So I have grown to learn that we all have something that we are afraid of. I use to think I was so fearless and I think that comes with this things called our teenage years and 20’s. Then we get a bit older and realize with our responsibilities and threat of death that we are indeed afraid of things that we may never have been afraid of before…But the fear mya have always been there.
For example, you may have told your friends when you were younger that you were not afraid of frogs but then you relaize as an adult that you do have a strange fear of them. You wonder how this was possible that you never had the strange irrational fear they your friend did when they were younger running and screaming as children. Then you realize it was because you never really encountered any or that you did not have that traumatic encounter until you were an adult (stepping on the frog and almost slipping and falling on it). The latter would be me. I stepped on a frog and since then when I see one I can watch it, and stare at in an enclosure, but I give them an unnaturally wide girth when I see them in the ‘wild’. I have no desire for that to happen again. For some reason that experience freaked me out and I just can’t deal with frogs the same again.
Next came my fixation with needing to not only do my job but do it the best I could. It wasn’t about sucking up as some people may have seen it, but about trying to figure out the best way to do my job the most efficiently without having to do twice the work. I wanted to create my own best practices for myself in a sense. So it was a frustration for myself when I failed or got behind on my work…When I say behind the deadline usually had not come yet it would still be a ways off but it was past my personal deadline of when I wanted it done. I prefer to get things done 1-2 weeks ahead of schedule s that if something is a team effort or someone else relies on me to get my information done so that they can glean information from me for their reports they will have it in time. Moreover, If it is a project they can because I get them done so early so they can look at them and tell me what modifications they would like so they can still be done in the original time frame.
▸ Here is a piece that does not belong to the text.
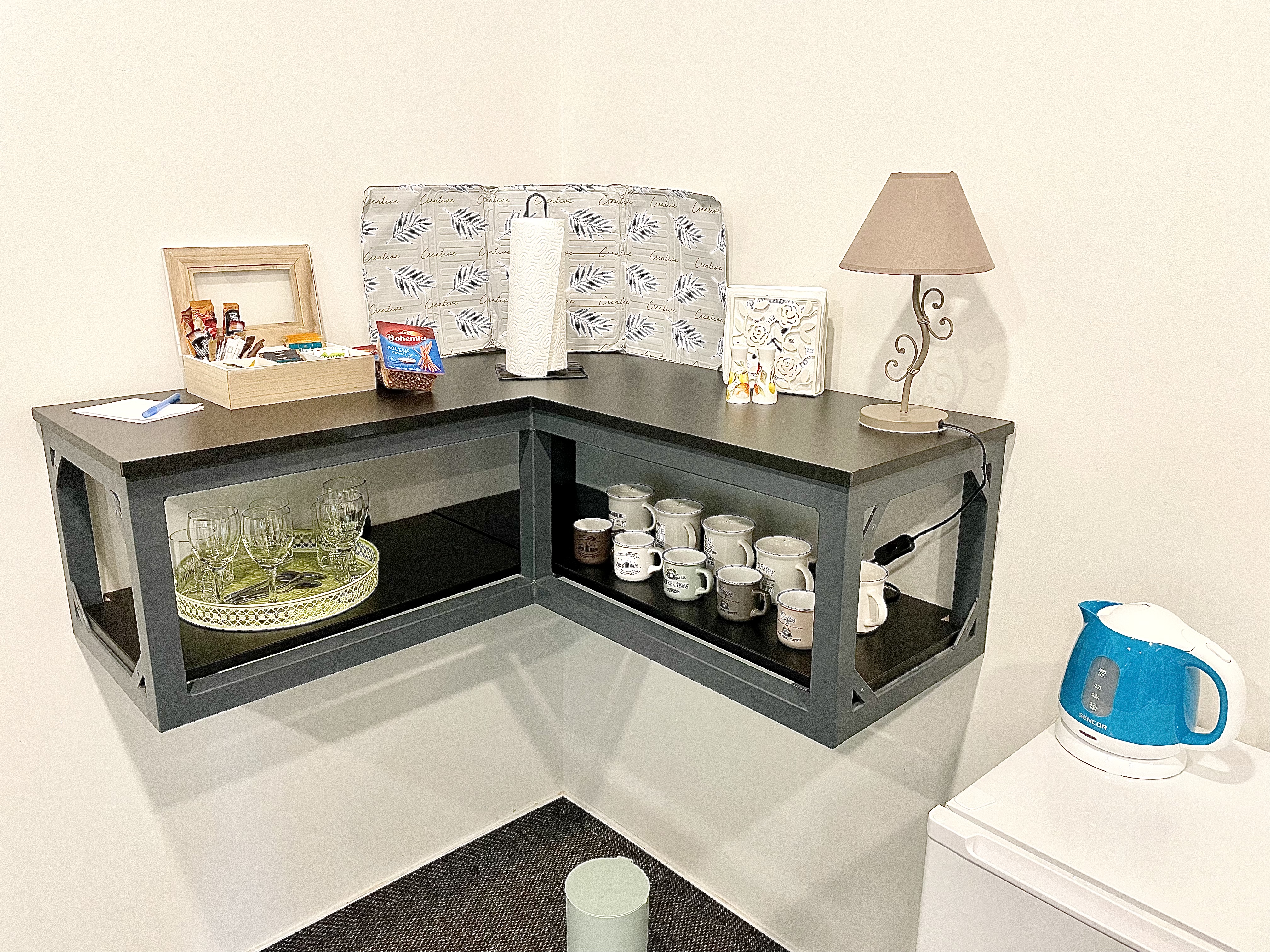 Playful fully equipped room with free wifi connection. The room has a minibar, an electric kettle, a varied selection of teas and coffees, TV, a shower, a hairdryer, slippers and a range of cosmetic samples. Breakfast of your choice is served directly in the room or you can use the reception area.

So for me it’s part of the organization fun but it also helps take some of the stress off my mind to know it is done in advance. It has nothing to do with sucking up. But the problem comes in when I care too much about what others think, or care about when it comes to when I need a break. I care so much that I let others take time off, or worry about what they will do when I am not there and how it will affect them. My friends and some family say you should not because they do not do that for you but some do. They change their schedules for my treatment and work around me when I feel ill when and do not create a hostile environment for me because of it. However, I get what they are saying and I have to start remembering what psychologists and governing bodies of some of our other countries have been saying for years; vacation is not a luxury it is a necessity. You need it to recharge. Some countries offer up 30 days of vacation per year and that has nothing to do with a graduated service to the employer that is just standard…I mean seriously and that doesn’t even include the paid holidays. I feel like I truly need to become European people. If they take me…A visit is one thing, staying is a different matter altogether, LOL.